_What the task asks_
Keeping pictures out, repeat the lines of the listing below exactly, starting at its first line and finishing with the one that holds "MINI TRIOMPHE BELT".

_Raw data_
◆ ◆ ◆ ◆ ◆

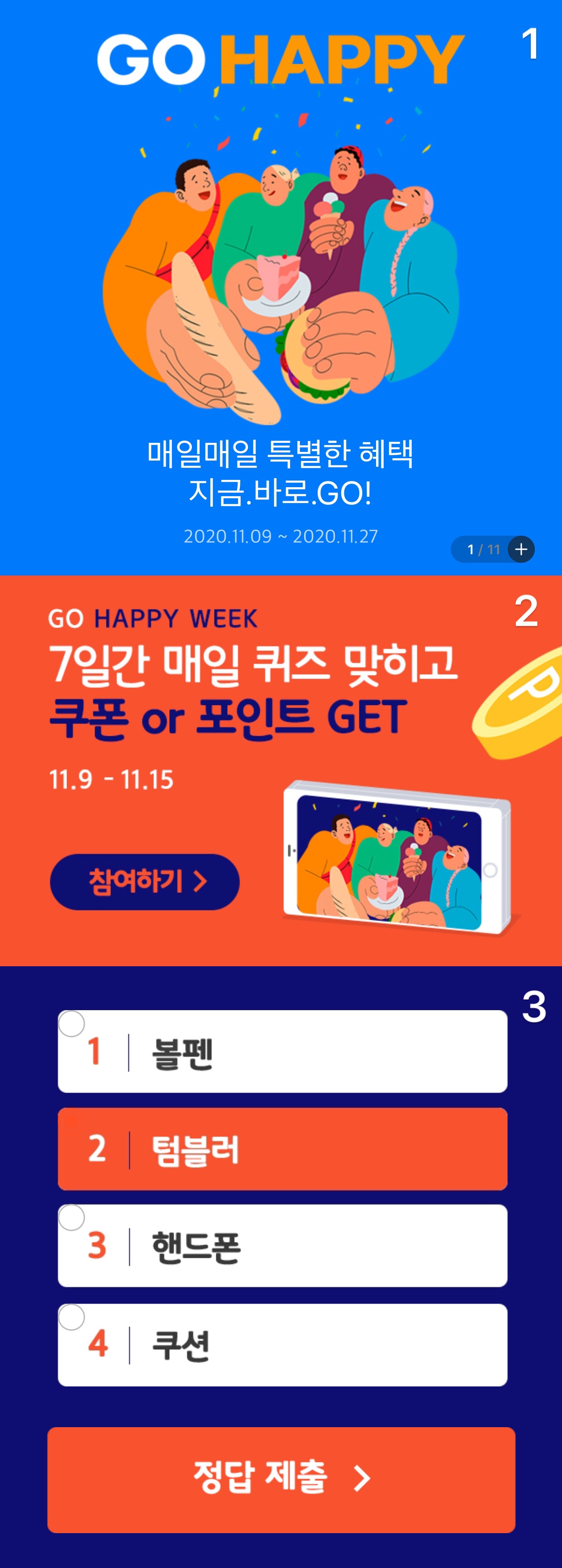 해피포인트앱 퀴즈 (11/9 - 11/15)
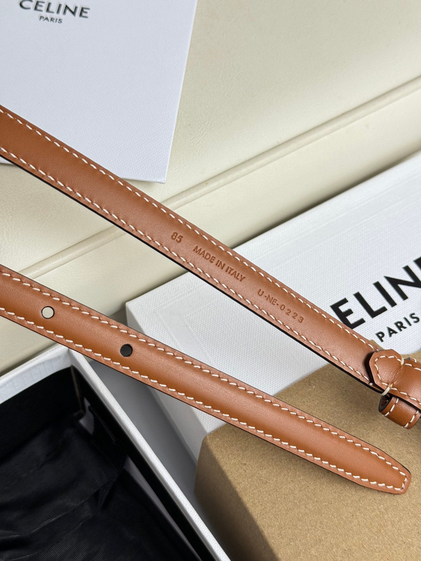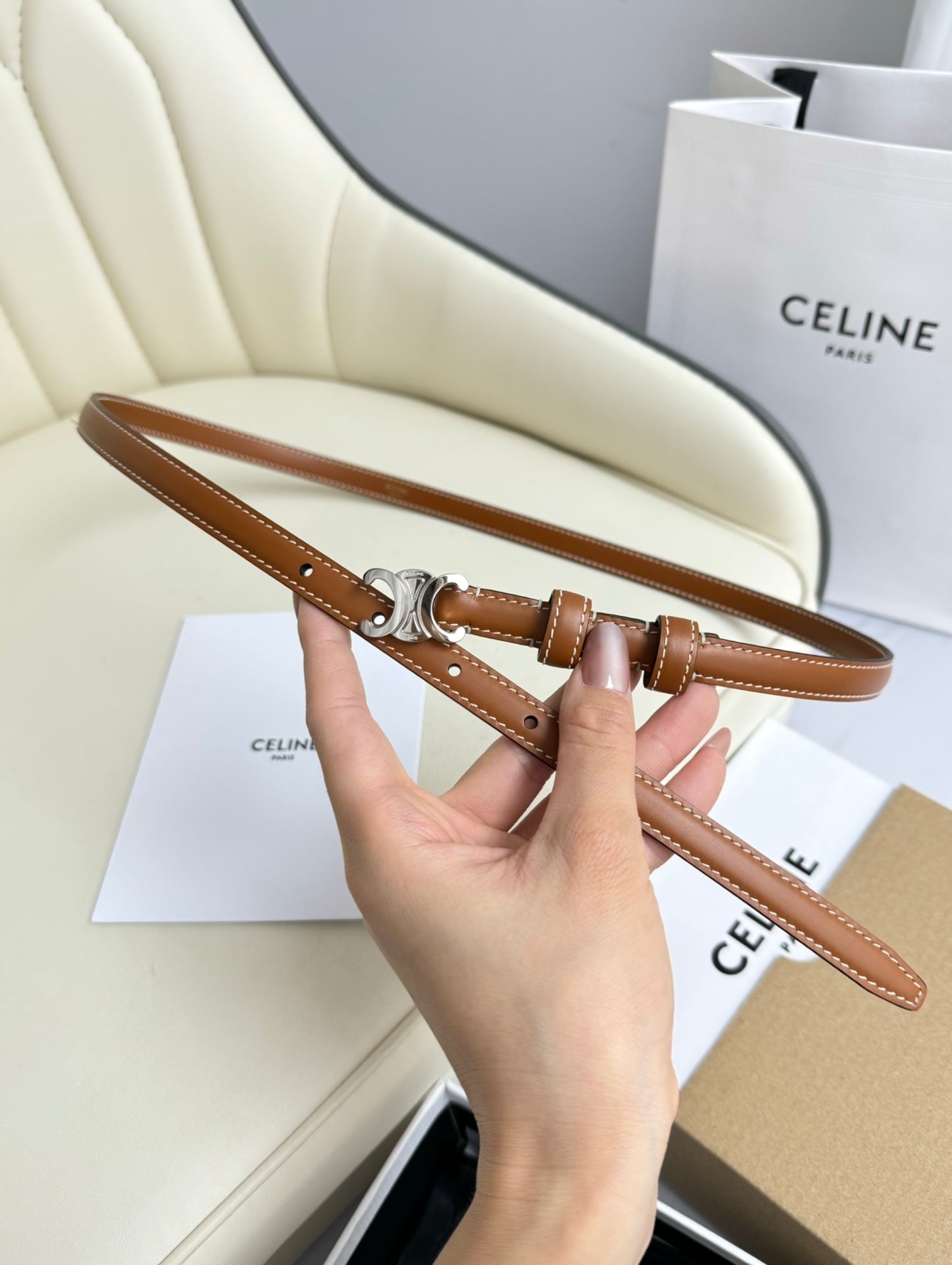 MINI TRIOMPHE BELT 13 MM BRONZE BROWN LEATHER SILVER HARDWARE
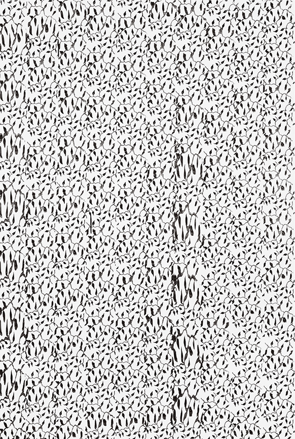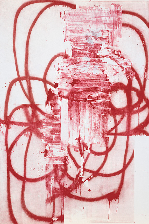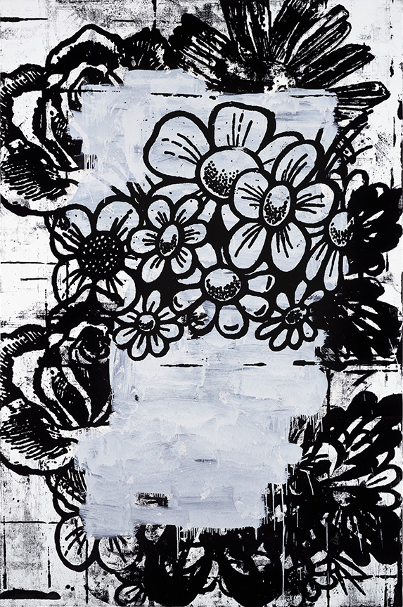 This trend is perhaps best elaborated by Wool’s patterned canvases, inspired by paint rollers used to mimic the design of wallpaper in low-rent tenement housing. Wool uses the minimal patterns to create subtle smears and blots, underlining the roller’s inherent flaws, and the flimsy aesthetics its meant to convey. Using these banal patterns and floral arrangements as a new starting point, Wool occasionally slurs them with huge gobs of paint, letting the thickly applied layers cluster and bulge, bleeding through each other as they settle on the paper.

◆ ◆ ◆ ◆ ◆

_Result of this exercise_
 해피포인트앱 퀴즈 (11/9 - 11/15)
 MINI TRIOMPHE BELT 13 MM BRONZE BROWN LEATHER SILVER HARDWARE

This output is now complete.